Under FDA 21 CFR Parts 210 and 211 (pharmaceutical GMP), every critical process step must be documented in a procedure and verified against established limits. Deviations must be investigated and resolved through a CAPA process — your SOP should describe what constitutes a deviation and who to notify.

Common SOP Writing Mistakes

After reviewing hundreds of SOPs in regulated industries, the same mistakes appear repeatedly.

Steps That Aren’t Steps

“Ensure the equipment is calibrated” is not a step. A step is: “Verify calibration sticker on Instrument ID XYZ-01. If calibration date has expired, remove instrument from service and submit Work Order #WO-012 before proceeding.” Vague language is the most common reason procedures fail during execution and during audits.

Passive Voice

“The sample should be labeled” tells no one who is responsible or when to do it. “Label the sample container with batch number, date, and operator initials before proceeding to Step 12” leaves no ambiguity. Write in the imperative — give commands.

Overcrowded SOPs

Trying to document an entire process in a single SOP creates a document that’s too long to be useful and too broad to be auditable. If your SOP covers more than one distinct procedure, split it. A 5-page SOP for equipment cleaning and a 4-page SOP for equipment qualification are more useful than a 12-page SOP that awkwardly covers both.

Missing Decision Logic

Real processes have exceptions. What does the operator do when a measurement falls outside the acceptable range? If the SOP doesn’t tell them, they’ll improvise — and whatever they do won’t be documented. Map your decision points. Write the branches.

No Connection to Training Records

An SOP without a training record is an audit liability. Your document control system should link each SOP to the employees who have been trained on it. Auditors will ask.
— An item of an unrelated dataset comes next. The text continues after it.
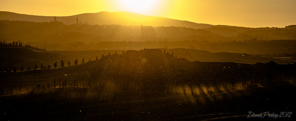 Mám zkušenost, že fotografové se s námi do Toskánska vydávají různě techniky vybavení (většinou dostatečně), ví, co by chtěli fotit, ovládají dobře fotoaparát atd. Co ale mnohdy chybí je vycvičený smysl pro orientaci, pohyb slunce, takové ty intuitivní návyky, které člověk získá léty pohybu v přírodě - i bez fotoaparátu. Prostě se hodně hodí, když máte představu, kdy a kde vychází Slunce, kdy a kde zapadá, rychle se orientujete, kam se v další hodině pohne. Myslím si, že tohle je také dost věcí cviku.

How AI Accelerates SOP Writing for Regulated Teams

Writing SOPs in regulated environments is slow because the stakes are high. Every word matters. Terminology must be consistent. References must be accurate. Reviewers from multiple functions — engineering, quality, regulatory — all need to sign off before the document goes live.

AI writing assistance can reduce the time spent on the most mechanical parts of SOP writing: drafting initial step sequences, maintaining consistent terminology across a procedure library, and suggesting relevant regulatory cross-references based on your existing documents.

TechWrite’s context-aware autocomplete is built specifically for this workflow. Instead of drawing suggestions from generic internet content, it indexes your existing procedure library and surfaces relevant language from documents your team has already written and approved. When you’re drafting a cleaning verification step, it can suggest the phrasing your QA team uses in similar procedures — not a hallucinated approximation.

For teams managing hundreds of SOPs across multiple sites, consistency is the hardest problem. A term like “qualified operator” might appear in 40 different procedures, each with slightly different phrasing. TechWrite normalizes that by anchoring suggestions to your controlled document set.

If you’re evaluating documentation tools for your team, the technical documentation software comparison covers the key features to look for in a regulated environment. If you’re currently using Archbee and evaluating alternatives, our Archbee alternative page covers how TechWrite compares on the features that matter for compliance-heavy teams.

Start With One Procedure

The most common mistake regulated organizations make with SOP programs isn’t bad writing — it’s trying to document everything at once. Pick one process that causes the most recurring problems: training delays, inconsistent results, audit findings. Write that SOP first, get it through review and approval, and use it as the template for the next ten.

The structure, the review process, the document number scheme — these will clarify themselves after you’ve been through the cycle once. Don’t design the perfect SOP program before you’ve written your first SOP.